平成2.11.20 富士見書房刊行
俳句研究別冊 能村登四郎読本
昔飲み屋で、村上さんの33歳の誕生日を祝った時に村上さんは「サーティースリー歳になりました」と両方の指を三本づつ立てて楽しそうにしていたなぁと。八月は村上さんと僕の誕生月で、村上さん、何歳なりました?と聞いたら、36です、あなたは?あぁ僕、32になってしまいました。
いやー、早いですなー、とか何とか言ってましたが、10年後もまた、いやー、早いですなー、と同じようなことを言ってるんでしょうね。
いつ忙しくなったり、そのせいで気力が衰えてくるかもしれないので、読むつもりのあるものは体力のあるうち早めに読んでおきたいなと、そうは言ってもなかなか難しいんですけど。

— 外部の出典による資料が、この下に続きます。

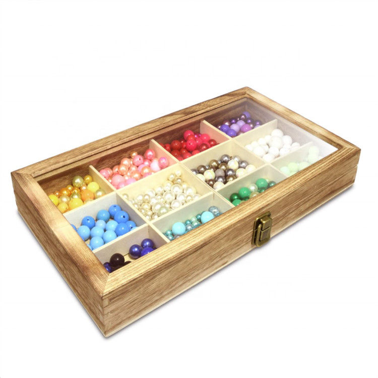 | 製品名 | 12のコンパートメント自然な貯蔵のティー バッグの注文のギフト用の箱の固体オルガナイザーの透明なふたが付いているタケ木の茶箱 |
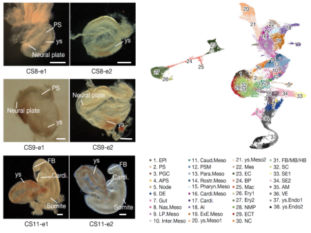 研究者收集了 CS8-CS11 时期(E20-E29)的食蟹猴胚胎,利用10X 单细胞转录组测序技术捕获了 56636 个胚胎来源的单细胞转录组并进行生物信息学分析,明确定义了食蟹猴该时期的 38 个主要细胞类群,绘制了目前国际上第一张灵长类 CS8-CS11 胚胎的高通量单细胞转录组图谱。揭示了原肠运动和三胚层分化(神经管、体节、肠管等的发育)过程中重要细胞类群的特征及其谱系发生和调控机制。
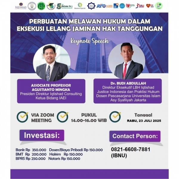 Berdasarkan realita tersebut Iqtishad tertarik untuk membahas segala problematika Perbuatan Melawan Hukum Eksekusi Lelang Jaminan Hak Tanggungan tersebut. Banyak pihak yangh perlu mengetahui problematika ini, tidak saja notaris, advolat, pengacara, law firm, tetapi juga bank syariah, LKS, bahkan Dosen.
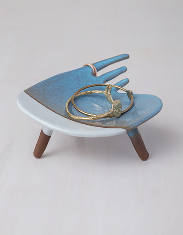 Ceramic Aqua Wing Tripod Jewelry Dish
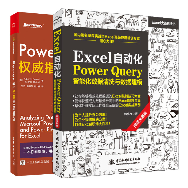 BI权威指南 共2本 BI操作基础入门 Excel自动化Power 指南 Power excel教程 Query智能化数据清洗与数据建模
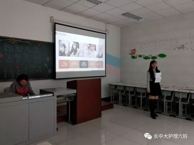 由樊梦雨放映PPT,周瑛淇为我们讲解他们小组人员的大学规划
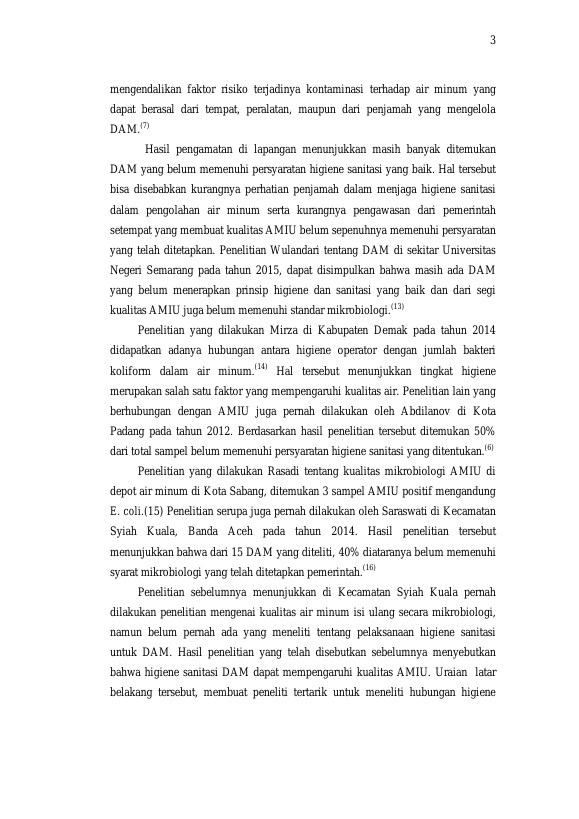 Baca Juga : UJI KUALITAS MIKROBIOLOGI AIR BAKU DAN AIR MINUM ISI ULANG PADA DEPOT AIR MINUM ISI ULANG DI KOTA SABANG (Rachmat Rasadi, 2014)
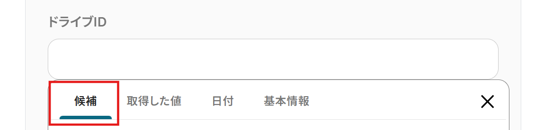 ドライブID、アイテムID、シート名: 入力欄をクリックすると以下のように候補が表示されるので、その中から選択しましょう。
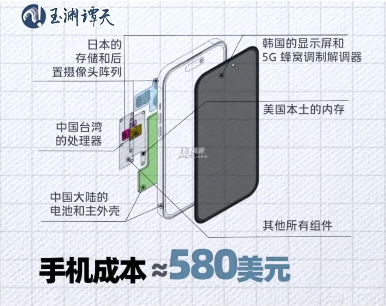 以一部256GB版本的iPhone 16 Pro为例,官方售价为1100美元。根据美国媒体计算的数据,苹果公司制作一部手机,所有硬件成本加起来约549.73美元。其中有来自中国、韩国和日本等多个国家的零部件,如果再加上组装和测试,手机成本大约580美元。
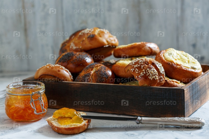 Деревянный поднос с булочками и банка апельсинового джема
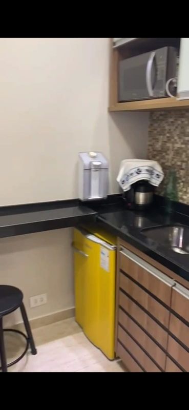 banheiro e copa pronta com armário e frigobar
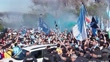 Napoli fans, await celebrating the arrival of the team at...
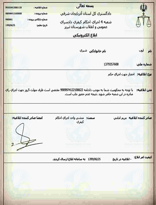 حقوق بشر در ایران – امروز جمعه ۲۸ شهریور ماه ۱۳۹۹، شعبه ۴ اجرای احکام کیفری تبریز با ارسال ابلاغیه ای کتبی، ایوب شیری، فعال ملی مدنی ساکن این شهرستان را برای اجرای حکم دادگاه در مجازات تکمیلی فراخواند.

さて、能村登四郎を読んでいこうと思います。まづは『咀嚼音』から。
『定本 咀嚼音』
くちびるを出て朝寒のこゑとなる
「会社には、行きたくない」
ぬばたまの黒飴さはに良寛忌
黒飴は子どもは嫌い、大人は好き。
雪といふほどもなきもの松過ぎに
たいしたものではござらん。
夜の菊積む書の中に家計簿も
重要なのは家計簿。
菊活けて学校がまねく狂言師
めでたいはありがたい。
枯芝に寝てこの時も師弟たり
ね。
綿虫に瞠くひとみ蒼むまで
蒼きひとみ。
同窓会に妻ゆかずをり冬椿
冬椿まで健気。
子とみれば雪ゆたかなる童話劇
夢いっぱい雪いっぱい。
妻のほかの黒髪知らず夜の梅
もちろんですとも。
薔薇の門家庭教師として潜る
薔薇の門って。紅茶と珈琲が出る。
新涼の大根おろし山なりに
もり。
初菊の一束はまづ吾子の師へ
そういうのをちゃんとします。
子にみやげなき秋の夜の肩ぐるま
子どもは居ないけど、子に土産を買ってあげたい、という願望はある。おじーさんになったら近所の子どもに飴をあげたい、という願望もある。
苗市に教へ子とその幼な妻
うむうむ、よしよし。
蟻地獄遠からずあり蟻はげむ
蟻さんの必死。
教へ子と机修理の槌さわやか
これは良い句。爽やかな思い出、こういうの、僕になかったなぁ。
たはやすく教師忘らる卒業後
教師のさみしさって良いなと。毎年笑って毎年泣くんでしょうね、そういうのはきっと良い先生。